Una poeta a la que no he leído, Elisa Martín Ortega,
recitaba poemas de su último libro, titulado Alumbramiento. Está dividido en tres partes. La primera contiene
poemas amorosos que culminan en la concepción, la segunda se centra en el
embarazo y la tercera en los dos primeros años de vida del hijo de la autora.

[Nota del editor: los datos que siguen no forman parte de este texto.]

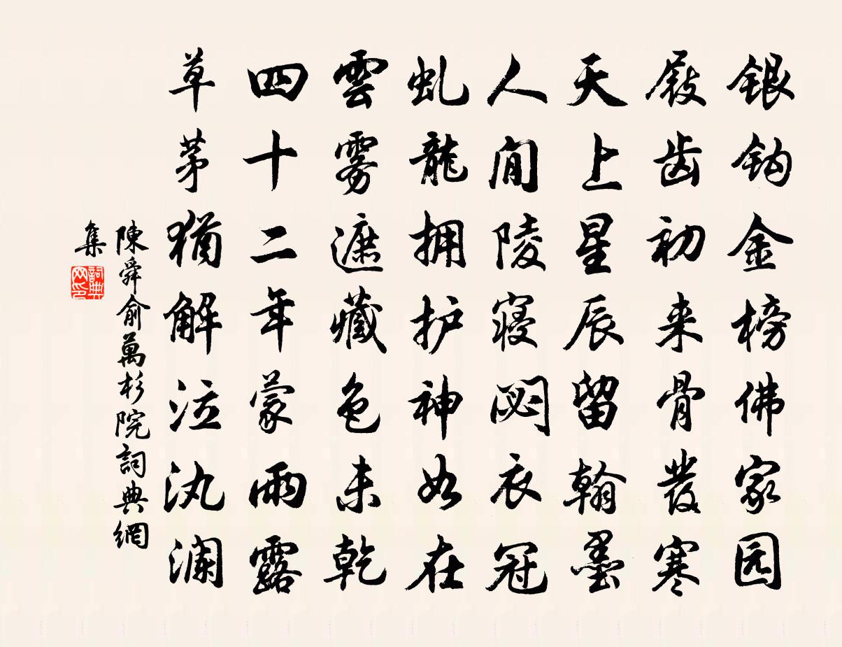 詩詞名句歷史字典書法欣賞書法字典國語詞典說文解字康熙字典古漢語字典標 題 作 者 詩 句 萬杉院作者:陳舜俞 朝代:宋代萬杉院原文銀鉤金榜佛家園,屐齒初來骨發寒。天上星辰留翰墨,人閒陵寢閟衣冠。虬龍擁護神如在,雲霧遮藏色未乾。四十二年蒙雨露,草茅猶解泣汍瀾。詩詞問答問:萬杉院的作者是誰?答:陳舜俞問:萬杉院寫於哪個朝代?答:宋代陳舜俞萬杉院書法欣賞萬杉院書法作品詩詞推薦城南亭作張說〔唐代〕珂馬朝歸連萬石,稍門洞啟親迎客。北堂珍重琥珀酒,庭前列肆茱萸席。長袖遲回意緒多,清商緩轉目騰波。舊傳春雪韓愈〔唐代〕片片驅鴻急,紛紛逐吹斜。到江還作水,著樹漸成花。越喜飛排瘴,胡愁厚蓋砂。兼雲封洞口,助月照天涯。暝見頌古四十八首釋慧開〔宋代〕拈起花來,尾巴已露。迦葉破顏,人天岡措。答客問王冕〔元代〕人間塵土苦囂煩,林下風生六月寒。夜半酒醒方脫屐,日高眠起不簪冠。笑看游蟻巡危磴,靜聽閒花落古壇。老我懷寄潘孝本兼簡其子言賀鑄〔宋代〕春色先梅嶺,秋聲後桂林。溪通五羊險,雲近九疑陰。無雁難逢信,有猿能伴吟。一樽燒酒美,應對阿戎斟。好事近汪莘〔宋代〕閬苑夢回時,窗外數聲啼鳥。覺我床前天氣,便清明多少。詩人門戶約花開,宿蝶誤飛了。一段山青水綠,作洞庭入蜀劉叉〔唐代〕望空問真宰,此路為誰開。峽色侵天去,江聲滾地來。孔明深有意,鍾會亦何才。信此非人事,悲歌付一杯。首夏三首白玉蟾〔宋代〕滿目晴巒總是詩,詩情飛絮逐遊絲。雨肥碧澗落花水,風瘦青松啼鳥枝。滿庭芳(賞牡丹)曾覿〔宋代〕冶態輕盈,香風搖盪,畫欄淑景初長。彩霞深處,明艷奪昭陽。試問沈香舊事,應勸我、莫負韶光。多情是,低徊晝眠呈夢錫孔平仲〔宋代〕百忙之際一閒身,更有高眠可詫君。春入四支濃似酒,風吹孤夢亂如雲。諸生弦誦何妨靜?滿席圖書不廢勤。向晚用廣陳君以畫徵題張衡〔兩漢〕陳君昨從江右歸,元龍豪氣如虹霓。清晨訪敘契闊,手持錦軸徵余題。遠山近山凡幾簇,三兩人家住溪曲。酒旗扔張端義應詔上書謫曲江正月一日贛州相遇戴復古〔宋代〕憂世心何切,謀身計甚疏。樽前話不盡,天下事何如。漢武求言詔,賈生流涕書。龍顏那可犯,謫向曲江居。贈日本友人彥九郎唐寅〔明代〕萍蹤兩度到中華,歸國憑將涉歷夸。劍佩丁年朝帝扆,星晨午夜拂仙槎。 驪歌送別三年客,鯨海遄征萬里家。此和文潛試院道舊晁補之〔宋代〕璧月照歌淮上舫,姚花引醉福昌城。何如閶闔門西北,臥聽秋風枕畔聲。二郎神(七夕)張孝祥〔宋代〕坐中客。共千里、瀟湘秋色。漸萬寶西成農事了,稏看、黃雲阡陌。喬□橘洲風浪穩,岳鎮聳、倚天青壁。追前謝束丈王令〔宋代〕卓鄭簪裾密作林,相如貧病強來臨。藜羹才飽無他志,肉食餓充有媿心。死馬偶能逢市骨,濫竽常恐負知音。古來次韻子瞻游羅浮山蘇轍〔宋代〕客迷墮澗逢玉京,雲行夭喬風號鳴。暗中過盡石髓滑,驚喜觀闕朝霞明。東坡南去類此客,擠者力盡非求生。偶然初致仕後戲酬留守牛相公,並呈分司諸寮友白居易〔唐代〕南北東西無所羈,掛冠自在勝分司。探花嘗酒多先到,拜表行香盡不知。炮筍烹魚飽餐後,擁袍枕臂醉眠時。報君陰雨白居易〔唐代〕嵐霧今朝重,江山此地深。灘聲秋更急,峽氣曉多陰。 望闕雲遮眼,思鄉雨滴心。將何慰幽獨,賴此北窗琴。念奴嬌沈瀛〔宋代〕賞心佳處,登臨地、千古人人都說。何況江天來雪望,添得十分奇絕。倚遍欄乾,下窺寒鏡,照我容顏拙。舉頭驚名句推薦記得綠羅裙,處處憐芳草。賀鑄《綠羅裙·東風柳陌長》 今夜故人來不來,教人立盡梧桐影。呂岩《梧桐影·落日斜》 花滿河陽,為君羞褪晨妝茜。吳文英《燭影搖紅·賦德清縣圃古紅梅》 城上日出群烏飛,鴉鴉爭赴朝陽枝。柳宗元《跂烏詞》 梯橫畫閣黃昏後,又還是、斜月簾櫳張先《一叢花令·傷高懷遠幾時窮》 別來不寄一行書。尋常相見了,猶道不如初。晁沖之《臨江仙·憶昔西池池上飲》 離恨又迎春,相思難重陳。和凝《菩薩蠻·越梅半拆輕寒里》 誰見汀洲上,相思愁白蘋。劉長卿《餞別王十一南遊》 宴爾新婚,以我御窮。佚名《谷風》 湖光秋月兩相和,潭面無風鏡未磨。劉禹錫《望洞庭》

La lectura fue grata. La poeta, sin incurrir en spoilers, ponía en situación a los oyentes para que pudieran comprender
cada poema casi como si lo tuviese delante, pero lo hacía sin prolijidad, lo
cual es de agradecer (en cuántas lecturas entre presentaciones, explicaciones
previas y posteriores, balbuceos y barajeo de papeles no se han llegado a oír
diez poemas). Es mérito de este libro que no cargue las tintas de la emoción cuando
ya la tiene el tema que aborda. Hay muchos versos felices y algún buen poema, pero en
conjunto tal vez les falte alcance, a veces hasta intención. Al cabo de un
tiempo percibí que había algo que me molestaba, y creo que era un tácito
menoscabo de la figura paterna (figura que desaparece llamativamente en las
secciones segunda y tercera del libro), ninguneo que en algún momento muchos padres habrán sentido. Que la naturaleza haya negado al hombre la
facultad de gestar o amamantar no convierte la paternidad, a mi modo de ver, en
subsidiaria, y superadas estas etapas la importancia de ambos progenitores no
tiene por qué ser distinta. Su papel tal vez sí, pero no su importancia. Eso era, sí, lo que me escarabajeaba, pero a parte de mis reparos lo que
contaban los poemas era tan de verdad –la vida misma– que fueron ganando al
auditorio.
Acabada la lectura, invitado éste a preguntar o
comentar, una mujer felicitó a la autora porque, decía, no hay libros de poesía
que aborden íntegramente la maternidad –haberlos haylos–, y agradeció su
valentía. Fue entonces, y se veía venir, cuando tuvo que salir la palabra reivindicación. Hubo cabeceos cuando
otra mujer vino a proclamar que por qué la poesía no iba a hablar, por ejemplo,
de la menstruación, y aludió a la Peri Rossi y otro par de horribles pseudopoetas
por las que entiende uno que se creara la despectiva voz poetisas. Ya no pude callarme y tomé la palabra con la sana
intención de aguar aquella incipiente fiesta. La mejor reivindicación que se
puede hacer de cualquier cosa, dije, es tratarla con rigor y naturalidad, sin
que haya nada de valiente (y sí mucho de estúpido) en forzar la nota para intentar
epatar. Y llegó el momento de gastar el triunfo que tenía en la mano. Precisamente
una poeta de verdad escribió un libro sobre la maternidad, su propia maternidad
proyectada en la de la Virgen: los Trances
de Nuestra Señora, de María Victoria Atencia. Ella no necesitaba anteponer
su condición de mujer para serlo plenamente, pues entendía que antes que mujer se es persona. Añadí que ese era el problema de la mayoría de la poesía escrita
por mujeres, que convierten el punto de partida en punto de llegada, y que por
eso las poetas españolas que admiro son las que escriben poemas que en lo
esencial no se diferencian de los que escriben los hombres, contándose éstas con
los dedos de una mano: la propia Atencia, Rosalía de Castro, Amalia Bautista,
Susana Benet y Aurora Luque, y a veces (con los dedos de las dos manos) Dionisia
García, Isabel Escudero, Pilar Pardo, Laura Campmany, Olga Bernad, Herme G. Donis o Rocío Arana.
Salí de mi ensoñación cuando los primeros asistentes
se levantaban. El corazón me latía a toda vela. Naturalmente, no había dicho ni
Pamplona. Otra vez será, y entonces verán.